17 Jul Love and independence for atypical people!
All around the world, in every culture and since we are little kids, we hear lots and lots of love stories. Whether we are talking about poems, songs, paintings or books, we “see” and “hear” love almost every day of our lives. It is, therefore, a known fact that the love culture is embedded into out society. For this, little children dream to become princes and princesses and find love. However, some of them can only dream about it!
They say love conquers them all, and that it always finds a way. But is this true?
For disabled people, finding love is not an easy task. Not because they are not “lovable” people, but because of stereotypes and stigmatization. As they often are not welcomed and are treated poorly by others, it is difficult for them to meet their match. Many times, people are under the impression that being in a relationship with a disabled person means being their caregiver. One could, of course, be so, but it is mostly up to both partners to decide. For example, many opt for hiring outside help to take care of one’s needs, and usually function like a typical couple.
Regardless, people fear the judgement of others, so they often do not even give a chance to these kind and loving souls. Filled with love, most disabled people make great partners and companions, as they are empathetic people. Of course, this is the case of a typical-atypical person couple. The situation differs when we are talking about relationships where both people are atypical.
This week, news about the longest married down Syndrome couple broke. Maryanne and Tommy Pilling have been married for a long time and are celebrating their 25th wedding anniversary this year. The British couple has previously been on the news, as they are one of the few completely independent down Syndrome couples.
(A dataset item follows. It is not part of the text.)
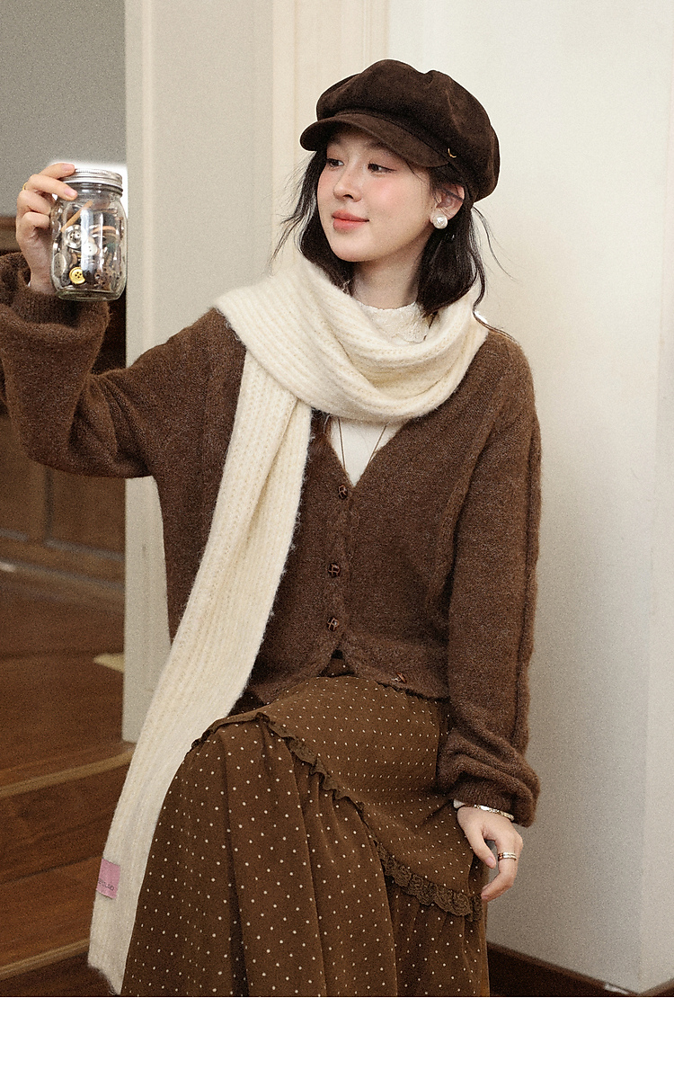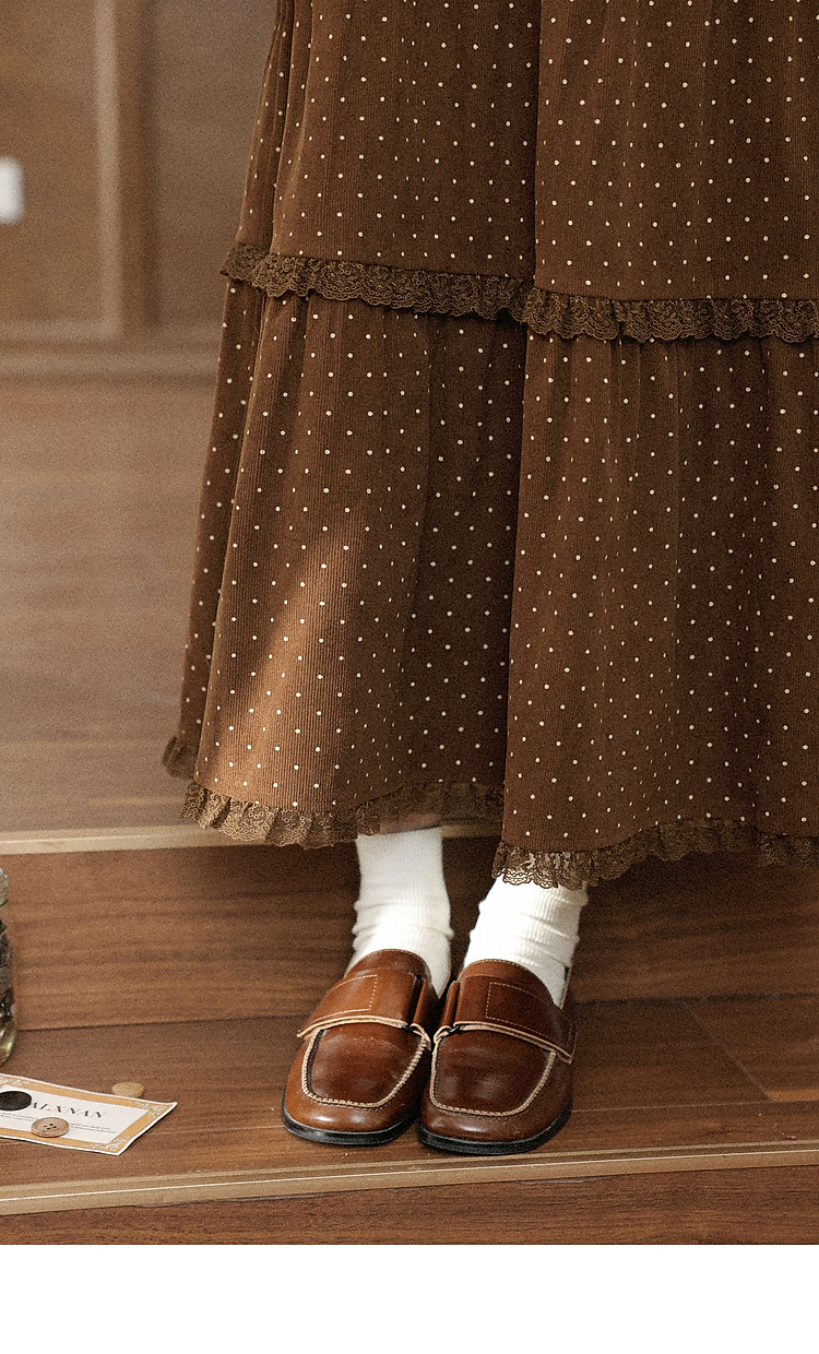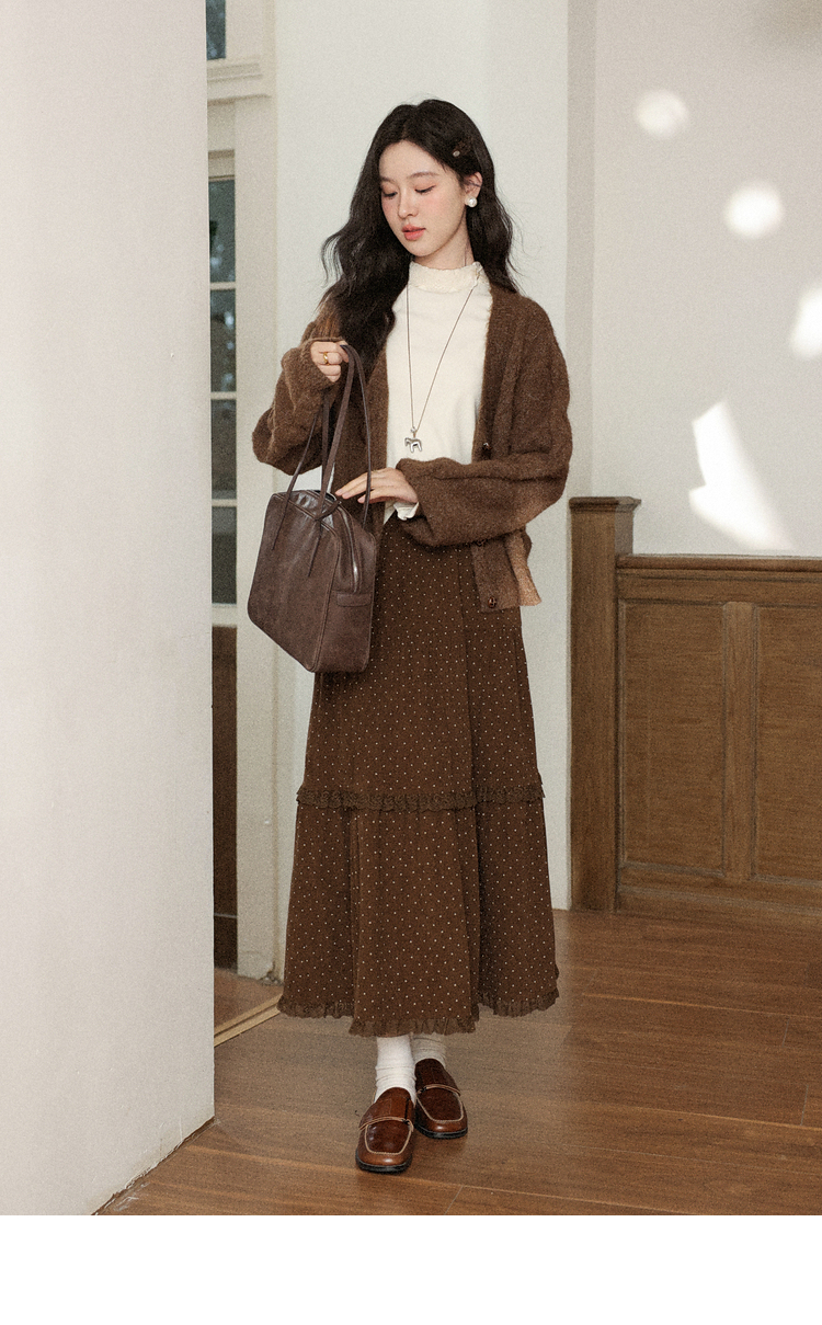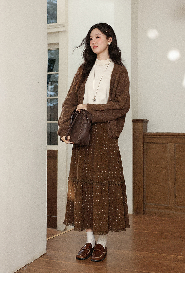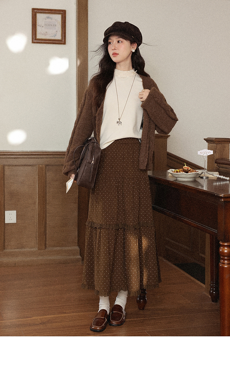 鹿向南「莫奈花园」咖色高腰半身裙女冬季波点宽松显瘦A字长裙子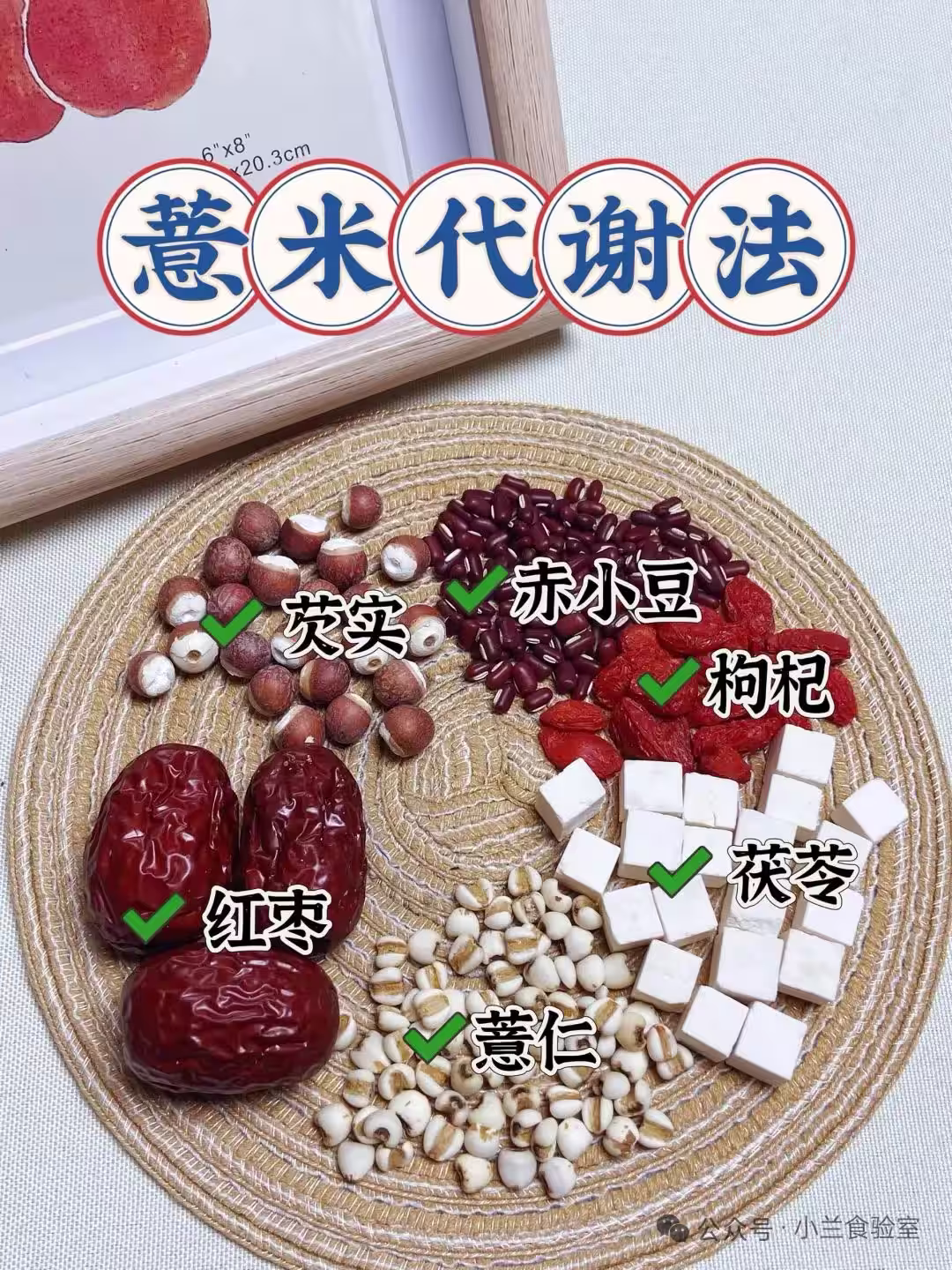 赤小豆18粒 薏米28粒 茯苓3-5顆 芡實18粒 枸杞8粒 紅棗1-2顆 清水1000ml

This news was extremely interesting for us, at CONIL, as it is proof that with the right education, atypical children can grow into independent adults, adapted to the society they live in. Of course, the treatment of disabled people in the United Kingdom differs from the one in Romania. For this, we are fighting to change the environment disabled children grow up in.
With CONIL’s help, we can build a society without stigmatization, in which atypical and typical people can live in harmony. Our goal is to help special needs children grow and develop, to maximize their chance of success. Therefore, we are striving to help them further their intellectual knowledge, as well as their emotional intelligence.
At CONIL, we believe that everybody deserves a chance to grow, to learn and to love!